How to Build and Host a Custom pkg Repository
A complete walkthrough building your own signed FreeBSD package repository — useful for internal packages, pinned versions, or a local mirror.
Beyond the official FreeBSD package repositories, pkg fully supports hosting your own repository — useful for distributing internally-built packages, pinning specific package versions, or mirroring the official set for faster local access.
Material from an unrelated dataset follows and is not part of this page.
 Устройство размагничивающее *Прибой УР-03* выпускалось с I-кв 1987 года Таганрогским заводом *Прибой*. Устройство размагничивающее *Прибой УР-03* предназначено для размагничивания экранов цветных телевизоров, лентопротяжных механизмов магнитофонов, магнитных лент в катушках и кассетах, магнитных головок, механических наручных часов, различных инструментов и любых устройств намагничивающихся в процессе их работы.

Step 1: build the packages you want to distribute
poudriere bulk -j myjail -p myports -f pkglist.txt
Poudriere (a dedicated bulk ports-building tool) or a manual pkg create run against locally-built ports both produce the .pkg files a repository is ultimately made of — this walkthrough assumes you already have a directory of built packages.
Step 2: generate a signing key
openssl genrsa -out /usr/local/etc/pkg/repo-priv.key 4096
openssl rsa -in /usr/local/etc/pkg/repo-priv.key -pubout -out /usr/local/etc/pkg/repo-pub.key
Signing your repository lets client machines verify packages haven’t been tampered with in transit — the same trust model the official repositories use.
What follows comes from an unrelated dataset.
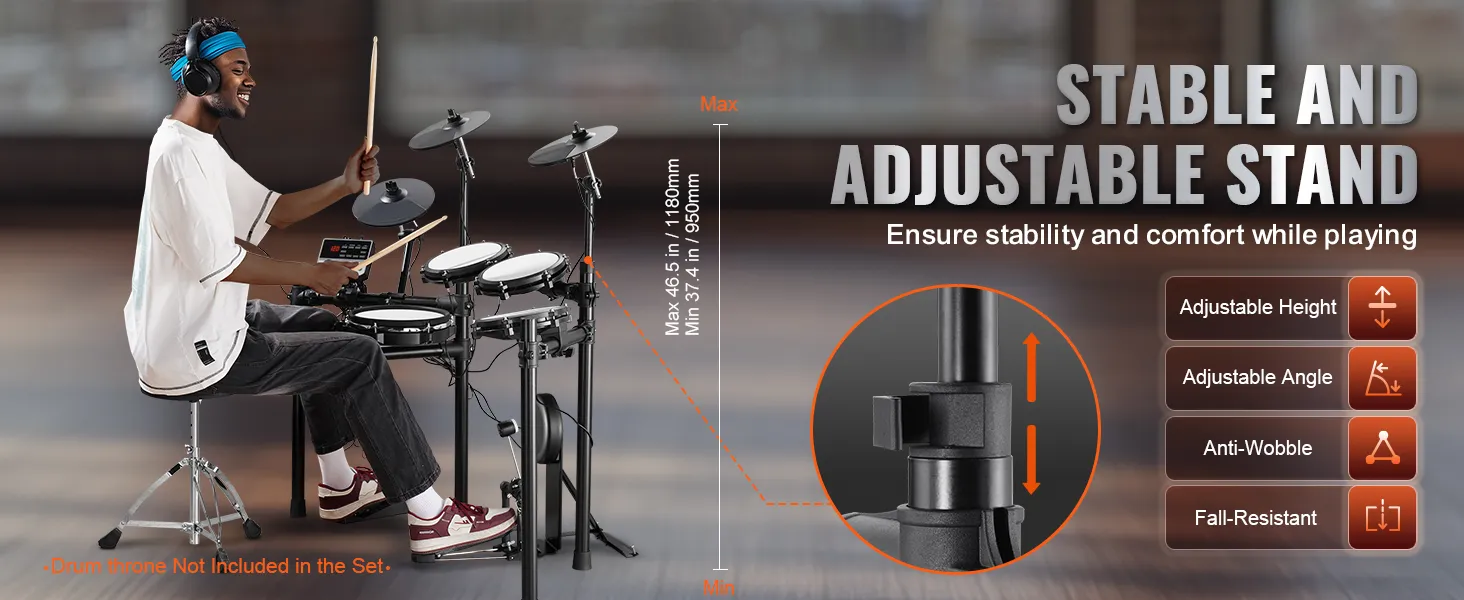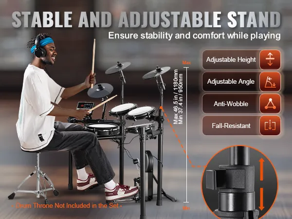 The adjustable stand allows you to customize the height and angle to suit your playing style. Its robust structure ensures your drum set stays steady, even during intense sessions, so that you can concentrate on your playing.

Step 3: build the repository metadata
pkg repo /usr/local/www/pkgrepo /usr/local/etc/pkg/repo-priv.key
This scans the directory of .pkg files, builds the repository catalog (package names, versions, dependencies), and signs it with the private key.
Step 4: serve the repository directory over HTTP
# using the base system's built-in webserver, or nginx/apache:
python3 -m http.server 8080 --directory /usr/local/www/pkgrepo
Any ordinary web server works — pkg just needs to be able to fetch the repository’s catalog and package files over HTTP or HTTPS.
Step 5: configure client machines to use the new repository
# /usr/local/etc/pkg/repos/mycompany.conf
mycompany: {
url: "http://pkg-server.internal:8080",
signature_type: "pubkey",
pubkey: "/usr/local/etc/pkg/repo-pub.key",
enabled: yes
}
The client needs a copy of the public key to verify signatures — never distribute the private signing key to client machines.
Step 6: optionally disable the default FreeBSD repository
# /usr/local/etc/pkg/repos/FreeBSD.conf
FreeBSD: { enabled: no }
Disabling the default repository is appropriate when you want clients to pull exclusively from your internal repository (for strict version pinning or an air-gapped environment); leave it enabled if you just want to supplement the official packages with your own additions.
Step 7: verify clients can actually reach and trust the new repository
pkg -R /usr/local/etc/pkg/repos update
pkg search <a-package-you-built>
Step 8: automate rebuilding the repository as packages change
# a simple cron entry, or a CI job:
0 3 * * * pkg repo /usr/local/www/pkgrepo /usr/local/etc/pkg/repo-priv.key
Re-running pkg repo regenerates the catalog to reflect any packages added or removed since the last build — worth automating rather than remembering to run manually every time the package set changes.
Why signing matters even for an internal-only repository
It’s tempting to skip signing for a repository that never leaves an internal network, but doing so means client machines have no way to detect a corrupted download or a compromised repository server — the same class of protection code signing provides elsewhere. Setting up signing costs one extra step at repository-creation time and pays for itself the first time it catches a problem you’d otherwise have no way to detect.